Quick synopsis… In this sci-fi comedy classic, an eccentric inventor turns a DeLorean into a time machine that inadvertently sends young Marty McFly back 30 years. In 1955, Marty disrupts his parents’ destiny and risks throwing the time-space continuum out of whack.

  • I love this movie.
  • It is perfect.
  • I mean… it’s not perfect… but it’s pretty dang close.
  • Pretty sure I’ve read somewhere that schools use this movie’s screenplay as an example of near perfection.
  • Everything the movie sets up in the beginning is paid off by the end.
  • Even the little things that you don’t realize you weren’t paying attention to wind up being important.

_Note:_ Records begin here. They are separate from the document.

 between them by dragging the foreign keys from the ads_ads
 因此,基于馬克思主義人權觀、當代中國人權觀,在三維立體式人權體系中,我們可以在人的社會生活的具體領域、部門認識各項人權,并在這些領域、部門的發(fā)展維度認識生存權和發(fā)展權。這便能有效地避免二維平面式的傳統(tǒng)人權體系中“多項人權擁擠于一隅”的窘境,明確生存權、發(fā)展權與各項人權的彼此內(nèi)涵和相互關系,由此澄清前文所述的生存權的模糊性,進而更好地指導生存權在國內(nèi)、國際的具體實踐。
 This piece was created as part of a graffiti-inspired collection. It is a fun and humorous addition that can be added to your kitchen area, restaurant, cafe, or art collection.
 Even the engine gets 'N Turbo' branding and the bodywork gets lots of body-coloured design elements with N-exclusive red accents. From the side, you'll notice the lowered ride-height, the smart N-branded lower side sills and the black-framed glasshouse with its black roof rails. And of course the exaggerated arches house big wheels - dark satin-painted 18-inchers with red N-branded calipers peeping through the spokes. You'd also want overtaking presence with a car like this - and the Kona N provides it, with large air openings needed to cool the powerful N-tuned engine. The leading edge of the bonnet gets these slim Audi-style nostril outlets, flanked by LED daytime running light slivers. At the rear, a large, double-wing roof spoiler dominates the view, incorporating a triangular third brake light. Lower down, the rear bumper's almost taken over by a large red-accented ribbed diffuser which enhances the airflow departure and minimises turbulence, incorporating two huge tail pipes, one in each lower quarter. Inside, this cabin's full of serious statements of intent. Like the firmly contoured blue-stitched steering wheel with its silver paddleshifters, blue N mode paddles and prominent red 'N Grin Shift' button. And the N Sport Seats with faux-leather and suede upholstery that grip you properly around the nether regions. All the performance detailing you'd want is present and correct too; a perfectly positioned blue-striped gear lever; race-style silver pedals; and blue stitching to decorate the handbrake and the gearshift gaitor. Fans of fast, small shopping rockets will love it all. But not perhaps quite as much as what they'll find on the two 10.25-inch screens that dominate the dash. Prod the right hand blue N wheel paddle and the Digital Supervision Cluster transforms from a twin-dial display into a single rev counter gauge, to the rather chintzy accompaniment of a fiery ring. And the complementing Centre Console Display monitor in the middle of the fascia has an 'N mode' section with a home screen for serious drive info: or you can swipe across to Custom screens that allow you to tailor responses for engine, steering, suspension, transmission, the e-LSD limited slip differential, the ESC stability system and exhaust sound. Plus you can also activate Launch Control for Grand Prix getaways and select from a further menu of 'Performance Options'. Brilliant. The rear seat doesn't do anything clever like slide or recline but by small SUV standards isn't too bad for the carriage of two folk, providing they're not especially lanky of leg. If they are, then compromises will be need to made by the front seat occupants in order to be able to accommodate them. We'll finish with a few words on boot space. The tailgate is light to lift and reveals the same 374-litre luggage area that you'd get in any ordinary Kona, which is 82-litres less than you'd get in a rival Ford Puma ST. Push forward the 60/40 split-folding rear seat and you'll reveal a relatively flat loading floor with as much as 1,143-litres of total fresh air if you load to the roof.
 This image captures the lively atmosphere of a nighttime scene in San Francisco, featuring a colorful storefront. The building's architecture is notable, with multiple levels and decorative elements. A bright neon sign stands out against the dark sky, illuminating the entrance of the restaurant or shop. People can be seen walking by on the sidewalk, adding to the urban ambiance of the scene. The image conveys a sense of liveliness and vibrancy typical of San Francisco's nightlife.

  • For example… just during the opening credits, the camera pans by all of these random clocks, one of which automatically turns on a television.

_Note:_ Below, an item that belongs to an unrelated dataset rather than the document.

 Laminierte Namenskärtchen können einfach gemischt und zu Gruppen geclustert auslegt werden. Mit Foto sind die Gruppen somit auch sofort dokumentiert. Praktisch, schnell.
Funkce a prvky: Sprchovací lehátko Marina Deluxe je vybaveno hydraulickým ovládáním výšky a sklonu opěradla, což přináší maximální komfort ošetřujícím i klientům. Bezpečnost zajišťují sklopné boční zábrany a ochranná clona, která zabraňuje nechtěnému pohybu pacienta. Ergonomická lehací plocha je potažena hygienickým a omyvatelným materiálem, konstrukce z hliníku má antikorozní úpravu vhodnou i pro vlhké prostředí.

  • On that TV, we get a news report about a case of stolen plutonium that a Libyan terrorist group has taken credit for stealing.
  • Then, when Marty (Michael J. Fox) shows up and absent-mindedly kicks his skateboard across the room, it bumps into a case marked “plutonium” under a bed.
  • Wait… didn’t that news anchor just say something about stolen plutonium?
  • Yeah… little things.
  • Anyway, all those clocks are 25 minutes slow, which is exciting to Doc Brown, but it makes Marty late for school.
  • Marty gets to school and is cut off by his girlfriend, Jennifer, who lets him know that Principal Strickland is looking for him.
  • They try to sneak in, but Strickland catches them anyway and uses his favorite word to describe Marty McFly: slacker.
  • He also asks Marty why he’s bothered signing his band up for try outs to play at the dance because he’s “too much like your old man… No McFly ever amounted to anything in the history of Hill Valley!”
  • Marty’s response? “History is gonna change.”
  • In the business, I believe they call that foreshadowing.
  • Marty’s band, the Pinheads, do indeed try out by playing a rendition of Huey Lewis & the News’ “Power of Love,” but Huey Lewis himself tells them that they’re just too darn loud.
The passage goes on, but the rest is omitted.